Records for this task:
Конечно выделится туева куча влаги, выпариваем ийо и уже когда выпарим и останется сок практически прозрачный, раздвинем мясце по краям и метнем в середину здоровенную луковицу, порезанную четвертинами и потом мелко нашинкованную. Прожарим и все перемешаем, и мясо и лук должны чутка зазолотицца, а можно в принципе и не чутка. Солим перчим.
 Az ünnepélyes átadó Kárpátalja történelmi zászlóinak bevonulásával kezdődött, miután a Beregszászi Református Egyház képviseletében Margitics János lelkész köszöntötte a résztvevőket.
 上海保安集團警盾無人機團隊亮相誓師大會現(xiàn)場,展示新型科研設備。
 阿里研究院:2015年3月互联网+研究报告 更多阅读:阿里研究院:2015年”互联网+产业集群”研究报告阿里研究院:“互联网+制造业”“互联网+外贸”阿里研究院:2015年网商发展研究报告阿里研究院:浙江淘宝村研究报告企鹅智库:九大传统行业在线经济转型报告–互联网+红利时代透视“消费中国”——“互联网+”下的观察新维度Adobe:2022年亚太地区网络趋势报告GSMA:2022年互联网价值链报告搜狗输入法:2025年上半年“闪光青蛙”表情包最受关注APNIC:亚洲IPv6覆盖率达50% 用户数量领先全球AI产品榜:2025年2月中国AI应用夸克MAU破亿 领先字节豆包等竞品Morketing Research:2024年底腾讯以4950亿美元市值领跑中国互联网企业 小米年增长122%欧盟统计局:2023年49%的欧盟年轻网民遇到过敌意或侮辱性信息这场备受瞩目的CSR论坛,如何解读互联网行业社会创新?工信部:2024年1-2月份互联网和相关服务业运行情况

* * *

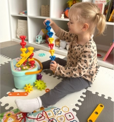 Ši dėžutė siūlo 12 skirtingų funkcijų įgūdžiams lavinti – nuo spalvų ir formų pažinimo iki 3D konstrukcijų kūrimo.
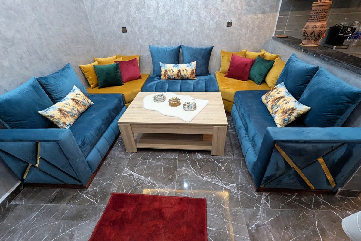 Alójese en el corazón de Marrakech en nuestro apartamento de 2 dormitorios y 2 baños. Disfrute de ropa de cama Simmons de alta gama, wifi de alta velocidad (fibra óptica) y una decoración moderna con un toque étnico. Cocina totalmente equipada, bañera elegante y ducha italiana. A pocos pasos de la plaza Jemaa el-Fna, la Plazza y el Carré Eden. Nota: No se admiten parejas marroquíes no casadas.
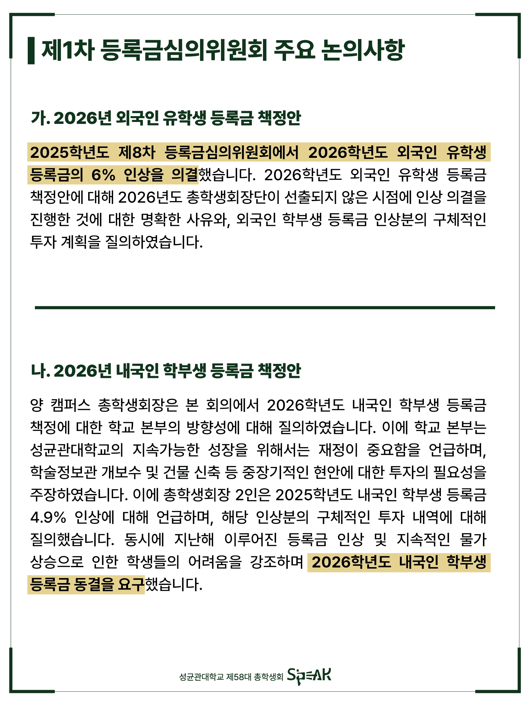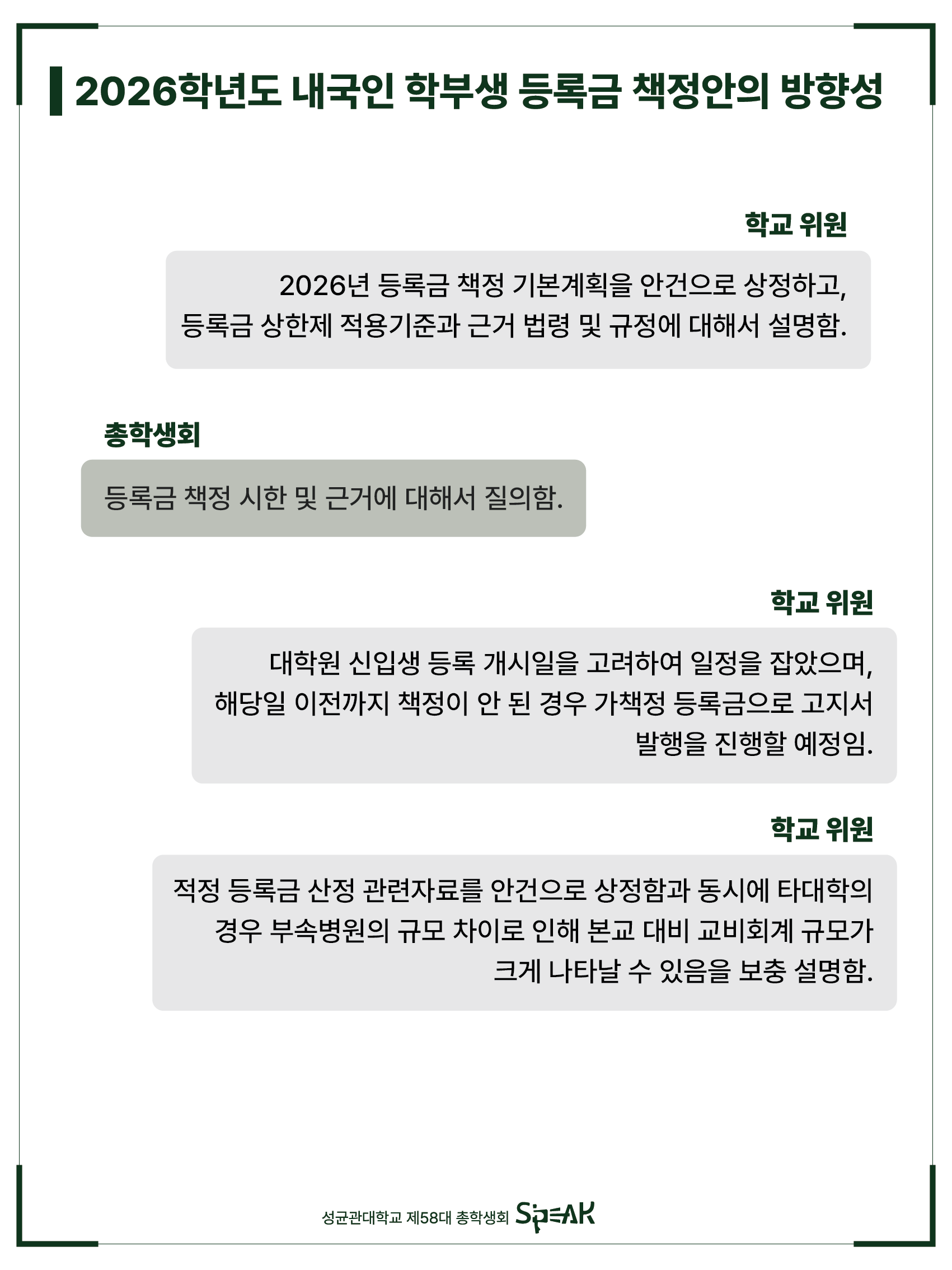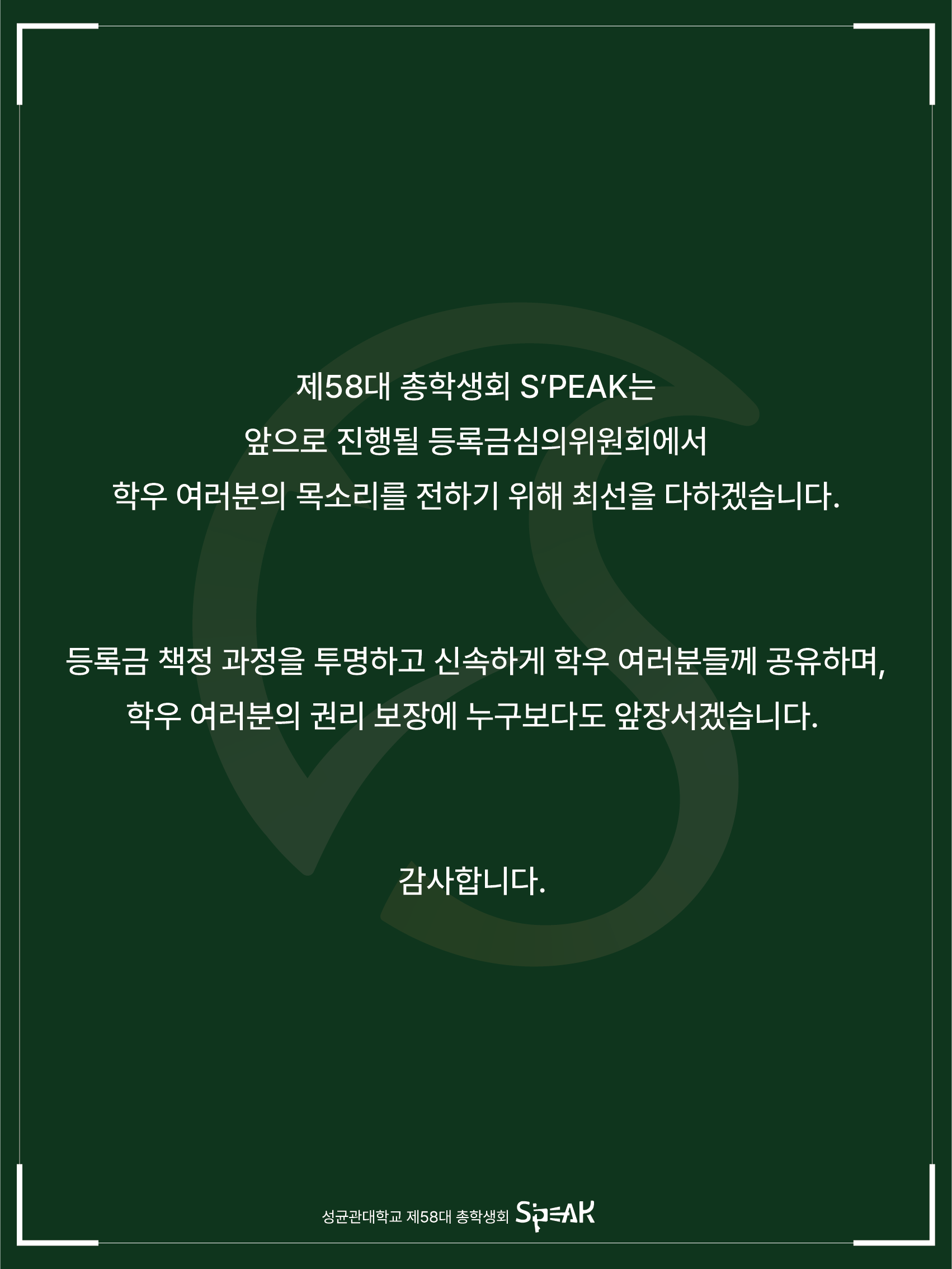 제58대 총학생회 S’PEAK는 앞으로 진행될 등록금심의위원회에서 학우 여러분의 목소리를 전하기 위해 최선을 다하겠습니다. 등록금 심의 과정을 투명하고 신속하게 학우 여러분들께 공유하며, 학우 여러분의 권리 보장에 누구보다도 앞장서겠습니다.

* * *

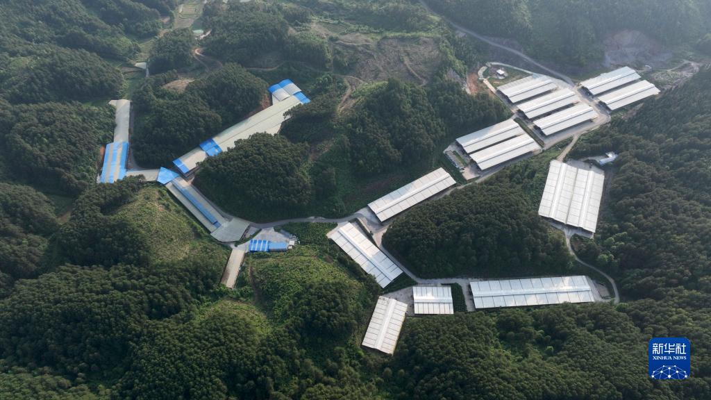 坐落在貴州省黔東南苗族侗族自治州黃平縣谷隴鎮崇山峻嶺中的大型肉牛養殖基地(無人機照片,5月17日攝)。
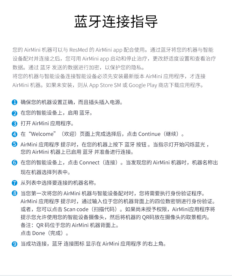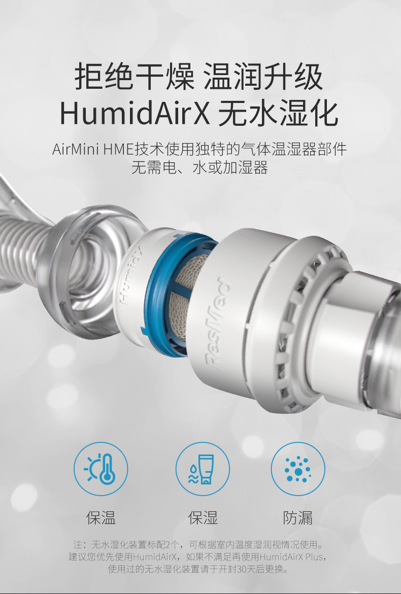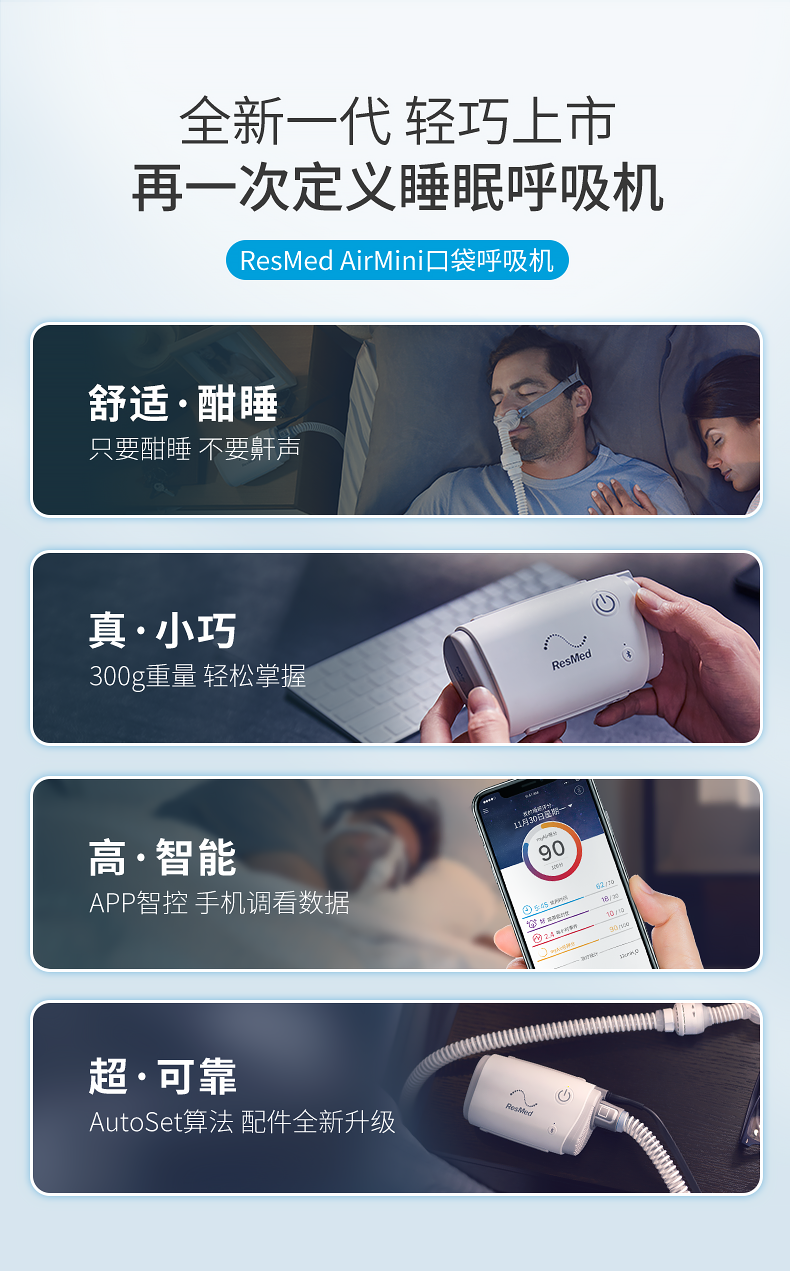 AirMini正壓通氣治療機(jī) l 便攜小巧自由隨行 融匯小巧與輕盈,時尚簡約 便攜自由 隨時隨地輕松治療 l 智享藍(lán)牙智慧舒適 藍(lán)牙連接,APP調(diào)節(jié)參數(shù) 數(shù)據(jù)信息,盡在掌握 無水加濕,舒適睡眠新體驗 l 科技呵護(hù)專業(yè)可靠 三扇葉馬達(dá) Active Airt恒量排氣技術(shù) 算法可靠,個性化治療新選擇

Required action: From the records above, quote only the lines running from the line with "Конечно выделится туева" to the line with "上海保安集團警盾無人機團隊亮相誓師大會現(xiàn)場,展示新型科研設備。", both lines included.

Your solution:
Конечно выделится туева куча влаги, выпариваем ийо и уже когда выпарим и останется сок практически прозрачный, раздвинем мясце по краям и метнем в середину здоровенную луковицу, порезанную четвертинами и потом мелко нашинкованную. Прожарим и все перемешаем, и мясо и лук должны чутка зазолотицца, а можно в принципе и не чутка. Солим перчим.
 Az ünnepélyes átadó Kárpátalja történelmi zászlóinak bevonulásával kezdődött, miután a Beregszászi Református Egyház képviseletében Margitics János lelkész köszöntötte a résztvevőket.
 上海保安集團警盾無人機團隊亮相誓師大會現(xiàn)場,展示新型科研設備。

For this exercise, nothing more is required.